I have finally gotten my driving license yesterday. Now my job is secure and my short term goals complete. On the same day, I met up with my buddies and we went for another bout of body combat. Between the 4 of us, much has changed. We all seem to have gone different paths - one of us was still studying, 1 had chosen to do post op nursing and my best friend and I are doing mental health - on the opposite sides of Sydney. Much of our conversation was about our work experiences and how we found nursing. This is appropriate for friends catching up, but I felt perhaps we dwelt on it abit too much...almost to the point that our profession was the only thing we have in common to keep us together.
Work wise I think I am somewhat making progress with the relationships in the ward. I have been spoilt to a degree really. I've been getting alot of lifts back home with nurses who live near my area. In fact, they offer it without me asking. I really appreciate these people. On the flipside, many people have been leaving the unit as of lately. Perhaps it may be due to opportunities arising or burnout, but because the staff are leaving at a rapid and consistent rate - for some reason I believe it has to do with being disgruntled about changes that our new manager is bringing forth. The politics in our ward is still pretty strong. Lucky I am still an insignificant small potato.
Tuesday, June 30, 2009
Sunday, June 28, 2009
Internal Strife
Today 2 events occured which had made the shift one I would like to forget.

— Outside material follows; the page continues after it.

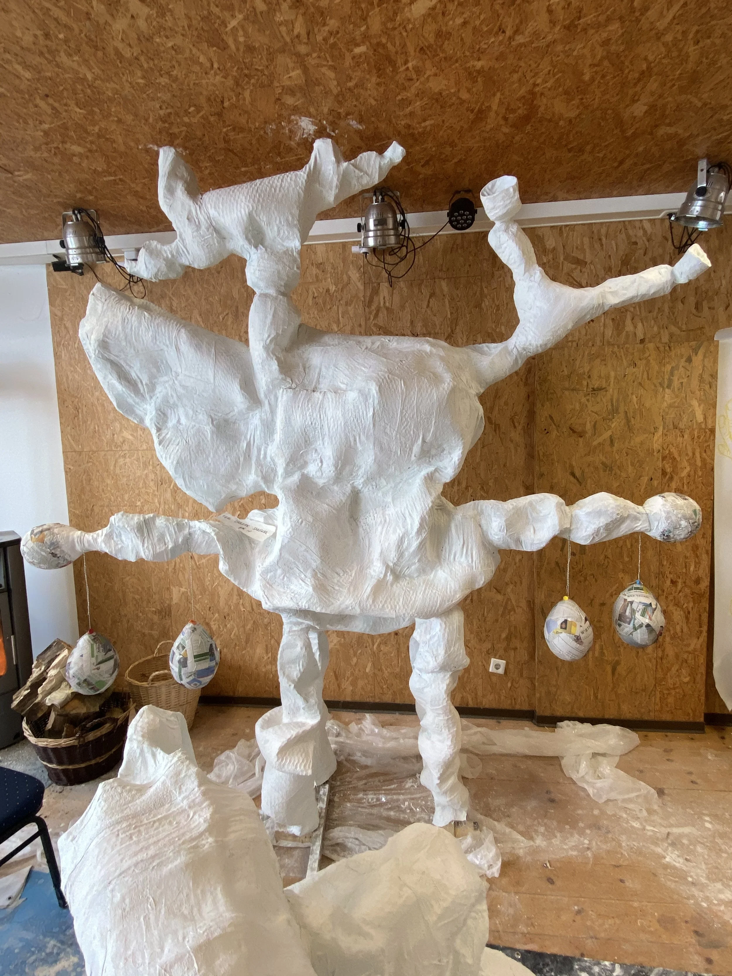 wood, wire, plaster, acrylic, paper, mixed textiles.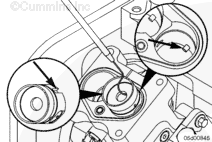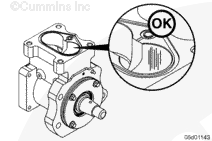 If damage to the camshaft, tappets, or camshaft housing is observed, it is possible the fuel pump is not receiving adequate lubricating oil. When replacing the fuel pump, inspect the gear housing to make sure no blockages exist in the oil supply to the fuel pump.

1- I had my first takedown injcetion tonight.
2- I did not own up to something I did wrong.
1- Mental health units are probably the only place (bar ED) which have staff pin down patients and inject them with needles full of medication. TOnight I was unfortunate enough to have a patient who was refusing oral medications and was acting in a manner which could harm other patients. This was a 70 year old man who was obviously very disorientated and confused. We had 6 nurses drag him from the common areas to his room and pulled his pants down forcefully, where I was set to innject a 21mm needle into his back. It sounds very exciting and fun when you hear about it, but when you become the one witnessing it and giving the needle, you feel somewhat as if you are nothing more than a custodian prison guard. I still feel a bit uncomfortable, not because I feel sorry for the man, but due to the shock value of the actions that we had to undergo to give him the needle.
2- Tonight a distressed mother called in to the unit and asked for her daughter. I answered it and I assumed she was in another department. She was stil ltalking but I did not bother to hear her out and I just transferred her call to the other department. A few minutes later, the other department caleld and was upset at the way the call was dealt with, as that daughter was not there also and caused both the department and the mother preventable pain. The in-charge asked who it was that transferred the call. Normally I would stand up to my wrongdoings and admit I did it. For some reason cowardice took the better of me and I sat there not saying a word. In the end nobody took the blame, but deep inside me, I felt like I had suffered punishment worse than what couldve been if I had admitted. I felt as if my integrity had just been grinded into dust. I feel so dirty now.
It's been a horrible night.
1- I had my first takedown injcetion tonight.
2- I did not own up to something I did wrong.
1- Mental health units are probably the only place (bar ED) which have staff pin down patients and inject them with needles full of medication. TOnight I was unfortunate enough to have a patient who was refusing oral medications and was acting in a manner which could harm other patients. This was a 70 year old man who was obviously very disorientated and confused. We had 6 nurses drag him from the common areas to his room and pulled his pants down forcefully, where I was set to innject a 21mm needle into his back. It sounds very exciting and fun when you hear about it, but when you become the one witnessing it and giving the needle, you feel somewhat as if you are nothing more than a custodian prison guard. I still feel a bit uncomfortable, not because I feel sorry for the man, but due to the shock value of the actions that we had to undergo to give him the needle.
2- Tonight a distressed mother called in to the unit and asked for her daughter. I answered it and I assumed she was in another department. She was stil ltalking but I did not bother to hear her out and I just transferred her call to the other department. A few minutes later, the other department caleld and was upset at the way the call was dealt with, as that daughter was not there also and caused both the department and the mother preventable pain. The in-charge asked who it was that transferred the call. Normally I would stand up to my wrongdoings and admit I did it. For some reason cowardice took the better of me and I sat there not saying a word. In the end nobody took the blame, but deep inside me, I felt like I had suffered punishment worse than what couldve been if I had admitted. I felt as if my integrity had just been grinded into dust. I feel so dirty now.
It's been a horrible night.
Monday, June 15, 2009
Fatty Boomba
I am not as handsome as I used to be. I think this may be due to weight gain that has occured within the last 4-5 years. To my understanding, this may be to do with Sylvia pampering me, buying me junkfood everyday when she was still here. Boy do I miss her. Boy do I miss my good looks.
Tuesday, June 2, 2009
Failing
I had m first driving test today. I got full marks, however I failed a critical component. Sucks to be me.